Mythen stellen, oft in archaischer Form, idealtypische Grundmuster menschlichen Verhaltens dar. Deshalb haben sie über ihre konkrete Entstehungszeit hinaus Bedeutung; denken wir nur an die Mythen des Antiken Griechenlands oder die Märchen der Brüder Grimm. Auch der Ekel gehört in das Reich der Mythen. In diesem Mythos geht es fundamental darum, was uns abstößt, weil es uns bedroht, aber auch darum, wonach wir uns sehnen: nach Sauberkeit, Reinheit, Gesundheit, Sicherheit, Wärme und Nähe.

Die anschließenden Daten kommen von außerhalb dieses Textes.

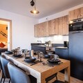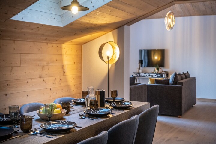 In addition to the excellent location, the apartment features a fully equipped kitchen and designer furnishings that blend contemporary comfort with a cozy mountain feel. The property offers premium services including gourmet breakfasts, snacks, and a convivial dining bar, along with lively entertainment to enhance your stay.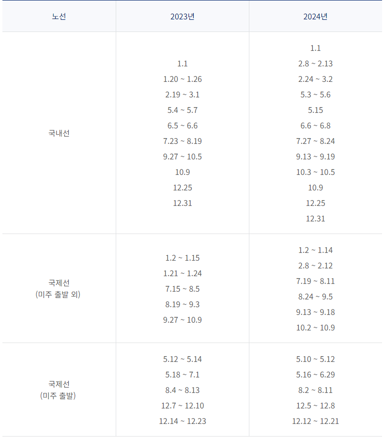 성수기와 가격 차이가 있으니, 원하시는 노선의 성수기 일정을 확인 후 예매하시기 바랍니다.

Der Ekel ist eine Stimmung, die durch unsere Kultur bestimmt ist. Andererseits formt er als kulturspezifisch ausgeprägte Stimmung übergreifend das Zusammenleben in Gesellschaften. Mit dem Ekel sind grundlegende Wertschätzungen, Grenzbestimmungen und Tabus verbunden, durch die sich eine Kultur reguliert, indem sie sozusagen einen Ekel-Haushalt führt. Der Ekel macht das menschliche Leben zu dem, was es für uns ist, und hat folglich einen archetypischen Charakter. Friedrich Nietzsche war der Ansicht, sein Genie sei in seinen Nüstern. Er roch die Verwesung des Wilhelminischen Zeitalters, seine Verfaultheit und Dekadenz. Für ihn trennte der schlechte Geruch nicht nur Menschen unwiderruflich, sondern auch Völker und Kulturen: Bevor man sich nichts mehr zu sagen hatte, konnte man sich nicht mehr riechen. Jemand riecht unangenehm nach Zigarettenrauch oder Alkohol, schon gehen wir auf Distanz. Auch wer zu sehr schwitzt, hat es unter seinen Mitmenschen nicht leicht. Russen riechen angeblich nach Wodka und Knoblauch, Deutsche natürlich nach Sauerkraut und Bier, sie sind eben die „Krauts” für die Engländer. Angehörige sozialer Unterschichten gelten als ungewaschen und stinkend. Beim Streit auf den Spielplätzen der bürgerlich-mittelständischen Viertel in den deutschen Großstädten ist allzu oft das letzte Wort: „Du stinkst mir sowieso!”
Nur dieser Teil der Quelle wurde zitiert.